# I need a little advice



## NyQuiL (Nov 17, 2014)

Hello, my name is Dino, I'm 22 years old. I am a roofer for a company in New York. So the company does everything scaffolding, roofing, restoration you name it. I've been working for this company going on 5 months and I absolutely love it. I took my test to get into the union and I am waiting to hear back. I am sure I passed with flying colors. So this is my problem. I've always been afraid of heights which is tough in a business like this.. but I have some what got over it which is great I have no problem being on the roofs or climbing up ladders which I feel safe on. On this past Friday I was told we were setting up a hoist about 30 feet up on one of the sidewalk platforms and I was fine with it. The problem is that we had to go up a 30 foot ladder which it was one of those heavy duty ladders but it was very slim and unsafe. I got very dizzy and had some what of a panic attack half way up and was not able to get onto the platform. I was hoping someone can give me some advice about climbing ladders. Thank you


----------



## 1985gt (Dec 21, 2010)

Stop climbing ladders. 

I was/am afraid of heights also. I don't like sloped roofs, so I don't get on anything over a 7/12. Ladders, don't look down and don't think about it. I've stood on the side of 100' plus tall grain elevators, I enjoy the views I get. I look at it this way, at a certain height a fall will kill you, under that height you may not die you will just get hurt, most likely really bad. The key is not falling...

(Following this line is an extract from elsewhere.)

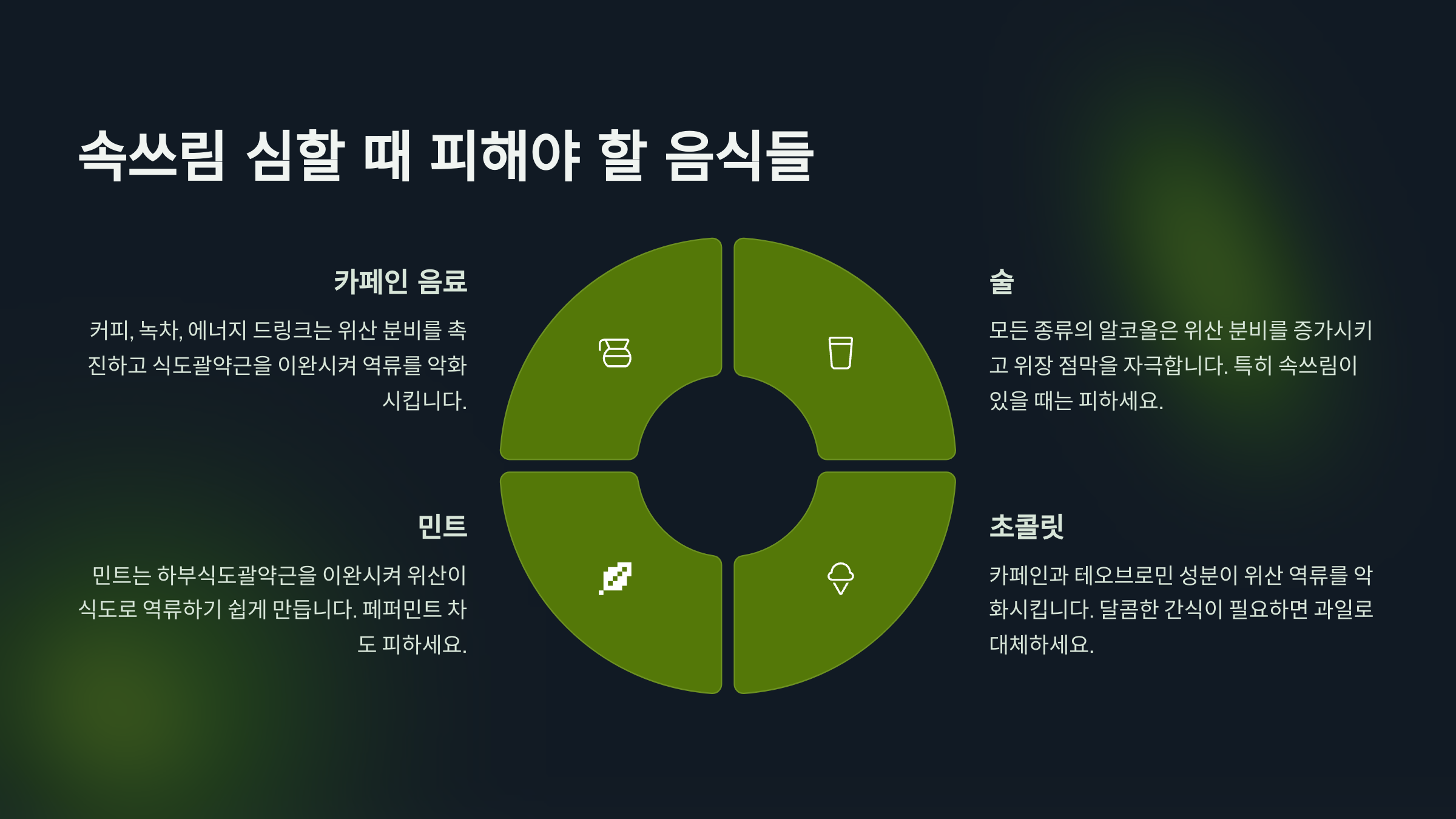 속쓰림을 피하고 싶다면 우선 어떤 음식이 위산 분비를 자극하는지 정확히 아는 게 중요해요. 대표적으로 고지방 음식과 튀긴 음식, 카페인, 초콜릿, 탄산음료, 알코올이 속쓰림을 유발하는 주범이죠. 이들 음식은 위장 활동을 느리게 하거나 식도 괄약근을 이완시켜 위산 역류를 촉진해요.

If your getting dizzy spells the last place you want to be is in the air. I had to fire a friend because he had a seizure on the roof once. The doctor cleared him and he was taking his meds again. To much of a risk for a friend or anyone for that matter.


----------



## SophiaM (Nov 10, 2014)

Here is an article I liked very much to read about this - http://www.phobiaman.co.uk/fear-of-heights-phobia/, but essentially what I understand is that your problem is not fear of height but you feel unsafe.. That's not the same. 

If I'm right on this you can be on 100 feet feeling safe and not scared to look down but at the same time you can be on 10 feet feeling unsafe and start panicking. 

Again, if I'm right - make sure you are safe - comfortably for you safe.


----------